Dalam dunia kapitalisme, hiburan dan bahkan budaya telah menjelma menjadi industri. Pada
konteks ini, Theodore Adorno dan Max Horkheimer mengatakan budaya industri adalah media
tipuan. Mereka percaya, bahwa hilangnya kepribadian yang tulus seperti kemampuan
menggambarkan keadaan yang nyata karena budaya telah berubah menjadi alat industri serta
menjadi produk standar ekonomi kapitalis. Dunia hiburan telah menjadi sebuah proses
reproduksi kepuasaan manusia dalam media tipuan. Hampir tidak ada lagi perbedaan antara
kehidupan nyata dan dunia yang digambarkan dalam film yang dirancang menggunakan efek
suara dengan tingkat ilusi yang sempurna sehingga tak terkesan imajinatif.

Proses reproduksi juga terjadi pada saat budaya hiburan mampu mereproduksi tatanan baru
dalam interaksi individu dan keluarga di masyarakat. Umpamanya bagaimana sebuah telenovela
mampu mreproduksi hubungan perselingkuhan sebagai bagian yang dulu ditolak masyarakat,
saat ini menjadi samar-samar. Keadaan serupa juga tergambarkan secara gamblang dalam
film-film Hollywood tahun 2005 yang mengunggulkan kehidupan homoseksual, salah satunya
adalah film Brokeback The Mountain. Bukti reproduksi sosial itu tergambarkan di saat film
sejenis reproduksi homoseksual itu justru menjadi film terbaik dan memperoleh Piala Oscar
2006. Kehidupan seksual sejenis yang ditakuti oleh umumnya keluarga, menjadi sesuatu yang
tidak termasuk sebagai bahan pertimbangan dalam penilaian baik-buruk sebuah karya seni.
Artinya, dalam budaya hiburan, makna bisa saja terlepas dari nilai sebuah benda, dan nilai
begitu tidak penting di saat berhadapan dengan makna benda tersebut.

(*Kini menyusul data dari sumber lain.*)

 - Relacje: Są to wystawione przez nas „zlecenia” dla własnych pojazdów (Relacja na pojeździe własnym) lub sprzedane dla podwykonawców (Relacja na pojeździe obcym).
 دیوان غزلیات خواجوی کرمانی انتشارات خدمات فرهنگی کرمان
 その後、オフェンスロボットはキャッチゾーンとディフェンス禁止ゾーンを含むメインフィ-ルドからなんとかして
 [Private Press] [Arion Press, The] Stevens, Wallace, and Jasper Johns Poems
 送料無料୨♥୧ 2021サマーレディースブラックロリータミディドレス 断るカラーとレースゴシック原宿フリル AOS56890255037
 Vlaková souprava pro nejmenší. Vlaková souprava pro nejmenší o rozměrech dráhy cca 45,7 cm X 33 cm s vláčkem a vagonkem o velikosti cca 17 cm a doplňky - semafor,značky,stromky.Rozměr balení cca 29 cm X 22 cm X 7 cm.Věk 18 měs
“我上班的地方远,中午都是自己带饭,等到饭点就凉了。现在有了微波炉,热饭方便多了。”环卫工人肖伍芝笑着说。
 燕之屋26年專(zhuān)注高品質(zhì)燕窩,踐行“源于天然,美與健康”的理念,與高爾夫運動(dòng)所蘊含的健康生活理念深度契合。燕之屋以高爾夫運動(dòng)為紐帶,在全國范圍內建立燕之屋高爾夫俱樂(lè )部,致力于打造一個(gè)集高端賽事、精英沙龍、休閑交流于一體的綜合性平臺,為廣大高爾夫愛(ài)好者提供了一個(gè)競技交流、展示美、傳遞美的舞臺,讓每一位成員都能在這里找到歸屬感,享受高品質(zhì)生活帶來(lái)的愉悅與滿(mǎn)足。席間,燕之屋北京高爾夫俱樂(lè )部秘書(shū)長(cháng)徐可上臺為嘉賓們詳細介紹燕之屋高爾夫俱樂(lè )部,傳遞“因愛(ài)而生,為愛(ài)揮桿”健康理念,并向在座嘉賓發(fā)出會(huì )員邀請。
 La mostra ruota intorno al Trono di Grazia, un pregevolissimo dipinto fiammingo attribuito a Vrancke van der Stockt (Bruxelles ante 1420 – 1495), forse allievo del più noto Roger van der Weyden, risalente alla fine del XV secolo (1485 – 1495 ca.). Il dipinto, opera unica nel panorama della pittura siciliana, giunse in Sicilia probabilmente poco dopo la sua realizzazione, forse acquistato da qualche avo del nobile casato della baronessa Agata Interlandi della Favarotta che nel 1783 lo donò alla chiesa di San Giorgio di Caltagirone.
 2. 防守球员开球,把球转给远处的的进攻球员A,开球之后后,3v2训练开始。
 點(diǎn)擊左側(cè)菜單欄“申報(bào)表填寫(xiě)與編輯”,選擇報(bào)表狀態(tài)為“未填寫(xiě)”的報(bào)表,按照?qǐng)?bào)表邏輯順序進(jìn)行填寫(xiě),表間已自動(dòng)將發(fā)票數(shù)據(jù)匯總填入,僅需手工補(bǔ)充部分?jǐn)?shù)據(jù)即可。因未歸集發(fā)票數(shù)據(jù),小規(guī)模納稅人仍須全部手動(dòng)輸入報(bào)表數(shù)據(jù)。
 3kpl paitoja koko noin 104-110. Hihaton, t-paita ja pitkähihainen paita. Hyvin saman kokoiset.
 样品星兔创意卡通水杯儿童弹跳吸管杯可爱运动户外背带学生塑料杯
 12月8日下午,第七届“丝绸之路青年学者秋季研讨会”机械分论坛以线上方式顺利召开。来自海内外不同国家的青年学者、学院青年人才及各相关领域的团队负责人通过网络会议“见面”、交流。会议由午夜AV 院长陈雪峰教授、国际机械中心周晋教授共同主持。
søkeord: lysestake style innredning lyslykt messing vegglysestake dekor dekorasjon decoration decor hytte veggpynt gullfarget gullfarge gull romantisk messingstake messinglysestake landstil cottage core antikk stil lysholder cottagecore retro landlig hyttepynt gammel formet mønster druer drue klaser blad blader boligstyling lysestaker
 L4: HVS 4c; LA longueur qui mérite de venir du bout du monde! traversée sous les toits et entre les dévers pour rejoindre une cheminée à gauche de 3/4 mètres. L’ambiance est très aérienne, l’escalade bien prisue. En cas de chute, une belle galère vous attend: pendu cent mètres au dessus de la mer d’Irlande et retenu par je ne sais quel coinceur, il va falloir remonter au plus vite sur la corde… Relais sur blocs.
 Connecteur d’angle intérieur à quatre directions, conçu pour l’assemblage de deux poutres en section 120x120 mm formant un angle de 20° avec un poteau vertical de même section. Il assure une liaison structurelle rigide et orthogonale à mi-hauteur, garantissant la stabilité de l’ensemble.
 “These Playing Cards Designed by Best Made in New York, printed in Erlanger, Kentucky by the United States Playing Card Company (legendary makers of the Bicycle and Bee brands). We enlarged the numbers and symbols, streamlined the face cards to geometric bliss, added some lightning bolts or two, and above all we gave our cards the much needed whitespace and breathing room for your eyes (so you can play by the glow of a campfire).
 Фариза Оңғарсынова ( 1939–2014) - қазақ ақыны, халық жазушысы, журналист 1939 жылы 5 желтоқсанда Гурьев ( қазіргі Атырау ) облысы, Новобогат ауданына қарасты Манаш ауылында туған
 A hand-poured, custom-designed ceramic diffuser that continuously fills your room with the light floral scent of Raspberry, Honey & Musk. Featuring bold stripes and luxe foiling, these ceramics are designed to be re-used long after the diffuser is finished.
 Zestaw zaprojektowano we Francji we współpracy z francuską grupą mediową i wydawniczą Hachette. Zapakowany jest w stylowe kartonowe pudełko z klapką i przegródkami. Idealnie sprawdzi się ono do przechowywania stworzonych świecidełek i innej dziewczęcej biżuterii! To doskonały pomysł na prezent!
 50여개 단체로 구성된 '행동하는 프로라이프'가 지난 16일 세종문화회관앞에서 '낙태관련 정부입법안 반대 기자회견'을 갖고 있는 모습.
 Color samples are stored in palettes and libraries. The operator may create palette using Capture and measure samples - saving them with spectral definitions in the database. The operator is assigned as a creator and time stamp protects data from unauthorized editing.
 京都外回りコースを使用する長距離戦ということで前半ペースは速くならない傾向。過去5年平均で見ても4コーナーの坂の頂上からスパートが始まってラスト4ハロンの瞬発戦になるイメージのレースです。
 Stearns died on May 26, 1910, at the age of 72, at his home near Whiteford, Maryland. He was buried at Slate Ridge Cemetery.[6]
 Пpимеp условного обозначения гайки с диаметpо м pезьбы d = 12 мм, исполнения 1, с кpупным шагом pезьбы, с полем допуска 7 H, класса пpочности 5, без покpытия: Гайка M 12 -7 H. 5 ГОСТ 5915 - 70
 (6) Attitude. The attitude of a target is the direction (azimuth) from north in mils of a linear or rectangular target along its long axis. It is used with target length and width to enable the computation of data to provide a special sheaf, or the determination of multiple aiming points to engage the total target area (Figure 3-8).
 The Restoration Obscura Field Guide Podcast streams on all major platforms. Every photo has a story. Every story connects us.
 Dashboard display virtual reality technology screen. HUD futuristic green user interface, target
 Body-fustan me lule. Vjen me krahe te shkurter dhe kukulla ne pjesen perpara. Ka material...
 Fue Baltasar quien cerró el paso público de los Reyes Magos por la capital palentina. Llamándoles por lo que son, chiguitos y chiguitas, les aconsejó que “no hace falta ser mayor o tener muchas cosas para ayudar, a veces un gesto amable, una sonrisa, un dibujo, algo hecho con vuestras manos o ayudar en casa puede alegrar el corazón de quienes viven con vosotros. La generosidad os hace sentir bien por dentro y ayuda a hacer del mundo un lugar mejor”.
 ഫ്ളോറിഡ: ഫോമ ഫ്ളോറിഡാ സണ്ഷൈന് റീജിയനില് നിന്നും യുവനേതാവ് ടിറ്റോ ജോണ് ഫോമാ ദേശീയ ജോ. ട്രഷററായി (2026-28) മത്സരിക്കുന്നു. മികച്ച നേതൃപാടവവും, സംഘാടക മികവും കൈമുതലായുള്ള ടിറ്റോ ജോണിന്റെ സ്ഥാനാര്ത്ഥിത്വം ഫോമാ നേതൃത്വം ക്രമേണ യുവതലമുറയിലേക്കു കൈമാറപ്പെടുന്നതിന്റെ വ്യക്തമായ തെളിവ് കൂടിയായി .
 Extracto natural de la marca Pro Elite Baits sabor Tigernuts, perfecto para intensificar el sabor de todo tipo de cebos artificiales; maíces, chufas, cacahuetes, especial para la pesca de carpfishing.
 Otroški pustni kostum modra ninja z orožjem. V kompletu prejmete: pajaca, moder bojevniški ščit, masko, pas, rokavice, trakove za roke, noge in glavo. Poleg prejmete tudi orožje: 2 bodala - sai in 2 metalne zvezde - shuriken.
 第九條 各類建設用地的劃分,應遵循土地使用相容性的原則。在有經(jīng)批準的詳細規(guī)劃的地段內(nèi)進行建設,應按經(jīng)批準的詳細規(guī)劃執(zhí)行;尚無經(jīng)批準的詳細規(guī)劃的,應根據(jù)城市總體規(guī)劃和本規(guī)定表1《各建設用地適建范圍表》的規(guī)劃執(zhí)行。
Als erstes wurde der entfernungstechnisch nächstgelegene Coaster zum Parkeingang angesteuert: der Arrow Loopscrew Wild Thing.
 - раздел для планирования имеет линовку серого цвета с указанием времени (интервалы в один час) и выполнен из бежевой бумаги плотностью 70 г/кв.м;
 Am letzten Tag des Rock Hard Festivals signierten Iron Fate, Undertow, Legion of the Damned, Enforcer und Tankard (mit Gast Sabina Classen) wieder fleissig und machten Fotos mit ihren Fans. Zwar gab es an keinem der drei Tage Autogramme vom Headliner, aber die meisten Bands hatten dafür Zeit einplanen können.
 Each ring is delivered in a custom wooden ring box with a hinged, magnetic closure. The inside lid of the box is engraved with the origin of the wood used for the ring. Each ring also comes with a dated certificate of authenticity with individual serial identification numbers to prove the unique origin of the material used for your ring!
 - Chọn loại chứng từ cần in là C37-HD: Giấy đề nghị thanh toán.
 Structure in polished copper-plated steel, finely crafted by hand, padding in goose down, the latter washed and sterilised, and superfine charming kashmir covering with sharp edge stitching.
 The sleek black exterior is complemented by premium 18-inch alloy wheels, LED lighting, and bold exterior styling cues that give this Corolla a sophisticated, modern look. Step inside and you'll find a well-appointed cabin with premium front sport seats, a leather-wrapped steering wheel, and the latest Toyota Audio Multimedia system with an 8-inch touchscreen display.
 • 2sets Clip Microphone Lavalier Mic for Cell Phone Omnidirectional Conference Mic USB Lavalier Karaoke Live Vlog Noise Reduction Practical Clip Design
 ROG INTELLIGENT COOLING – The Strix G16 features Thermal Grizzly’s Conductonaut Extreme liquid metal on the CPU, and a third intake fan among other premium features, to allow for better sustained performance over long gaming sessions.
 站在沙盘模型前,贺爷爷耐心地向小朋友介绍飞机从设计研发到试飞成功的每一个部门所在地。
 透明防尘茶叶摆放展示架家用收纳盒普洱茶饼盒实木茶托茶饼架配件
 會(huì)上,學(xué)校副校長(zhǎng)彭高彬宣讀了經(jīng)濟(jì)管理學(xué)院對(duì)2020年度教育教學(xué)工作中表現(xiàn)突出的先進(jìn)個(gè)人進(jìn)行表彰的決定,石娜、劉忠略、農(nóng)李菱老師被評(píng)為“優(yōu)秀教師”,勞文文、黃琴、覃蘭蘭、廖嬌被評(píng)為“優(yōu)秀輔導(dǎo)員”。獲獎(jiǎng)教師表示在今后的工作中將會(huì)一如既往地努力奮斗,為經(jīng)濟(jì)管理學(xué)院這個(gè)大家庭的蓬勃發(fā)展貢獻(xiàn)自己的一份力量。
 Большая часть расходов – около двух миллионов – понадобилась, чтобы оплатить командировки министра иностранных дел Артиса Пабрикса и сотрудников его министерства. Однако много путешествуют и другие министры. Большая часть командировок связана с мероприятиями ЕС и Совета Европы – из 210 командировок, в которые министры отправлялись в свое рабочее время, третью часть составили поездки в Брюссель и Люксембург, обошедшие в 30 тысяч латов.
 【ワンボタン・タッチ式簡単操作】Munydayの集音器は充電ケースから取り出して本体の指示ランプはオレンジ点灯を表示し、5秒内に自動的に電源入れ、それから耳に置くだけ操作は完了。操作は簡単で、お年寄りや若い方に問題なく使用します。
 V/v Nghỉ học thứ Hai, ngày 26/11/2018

Para sejarawan begitu sulit menentukan kaidah-kaidah dasar tentang kesalahan, sama
susahnya dengan menentukan kaidah-kaidah dasar mengenai kebenaran. Kemerdekaan pribadi
menjadi ukuran utama dan dalam dunia postmodern, ukuran ini menjadi semakin tidak jelas.

Daftar Pustaka

McQuail, Dennis. 2002.  Mass Communication Theory, 4th  edition. London: Sage Publications.

Budiman, Hikmat. 2002. Lubang Hitam Kebudayaan. Yogyakarta: Kanisius.


Bungin, Burhan. 2007. Sosiologi Komunikasi: Teori, Paradigma, dan Diskursus Teknologi
Komunikasi di Masyarakat. Jakarta: Kencana Prenada Media Group.